Reading by Example: Valerius Maximus and the Historiography of Exempla by Anonim Pdf
From footnote-fodder to intellectual: Valerius Maximus, a generally under-appreciated minor author of the early first century AD emerges as a holder of distinct views on Rome's dynasty, their world, on how to behave within that world, and as an influencer of later thought both pagan and Christian.
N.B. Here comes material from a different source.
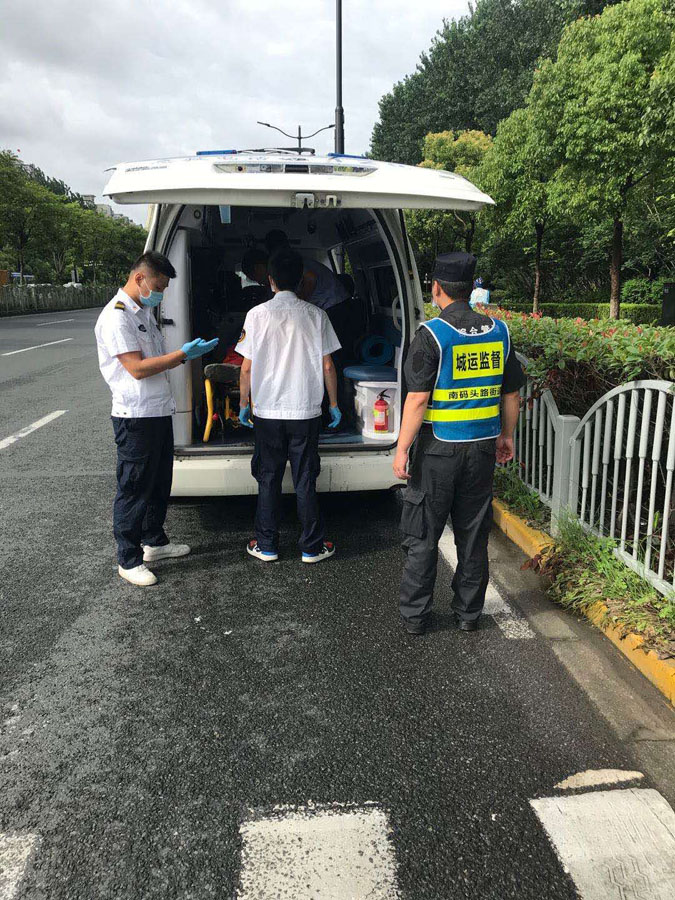 7月3日8:30,宗保公司驻南码头网格项目队员宋文松巡逻至杨高南路西侧东三里桥路时,发现往南约10米处的人行道上躺着一名男子。小宋立即上前查看,该男子年龄大约在45岁左右,跟他对话无任何反应。

Author : Jack J. Lennon Publisher : Cambridge University Press Page : 241 pages File Size : 50,7 Mb Release : 2014 Category : History ISBN : 9781107037908
Memorable Deeds and Sayings by Valerius Maximus Pdf
Popular in its day both as a sourcebook for writers and orators and as a guidebook for living a moral life, this remarkably rich document serves as an engaging introduction to the cultural and moral history of ancient Rome. Valerius' "thousand tales" are arranged thematically in ninety-one chapters that cover nearly every aspect of life in the ancient world, including such wide-ranging topics as military discipline, child rearing, and women lawyers. As a whole, the work gives the reader fascinating insights into what it felt like to be an ancient Roman, what the ancient Romans really believed, what their private world was like, how they related to one another, and what they did when nobody was watching.
Memorable Doings and Savings V 2 L493 by Valerius Pdf
Valerius Maximus compiled his handbook of notable deeds and sayings during the reign of Tiberius (A.D. 14-37). The collection was very popular in the Renaissance and has recently attracted renewed scholarly attention. Yet to date there has been no modem English translation of Memorable Doings and Sayings. This work is now added to the Loeb Classical Library, a freshly edited Latin text facing D. R. Shackleton Bailey's pleasing and authoritative translation. Valerius arranges his instructive examples in short chapters, each focused on a particular virtue, vice, religious practice, or traditional custom -- including Omens, Dreams, Anger, Cruelty, Bravery, Fidelity, Gratitude, Friendship, Parental Love. The moral undercurrent of this collection is readily apparent. But Valerius tells us that the book's purpose is practical: he decided to select worthwhile material from famous writers so that people looking for illustrative examples might be spared the trouble of research. Whatever the author's intention, his book is an interesting source of information on Roman attitudes toward religion and moral values in the first century.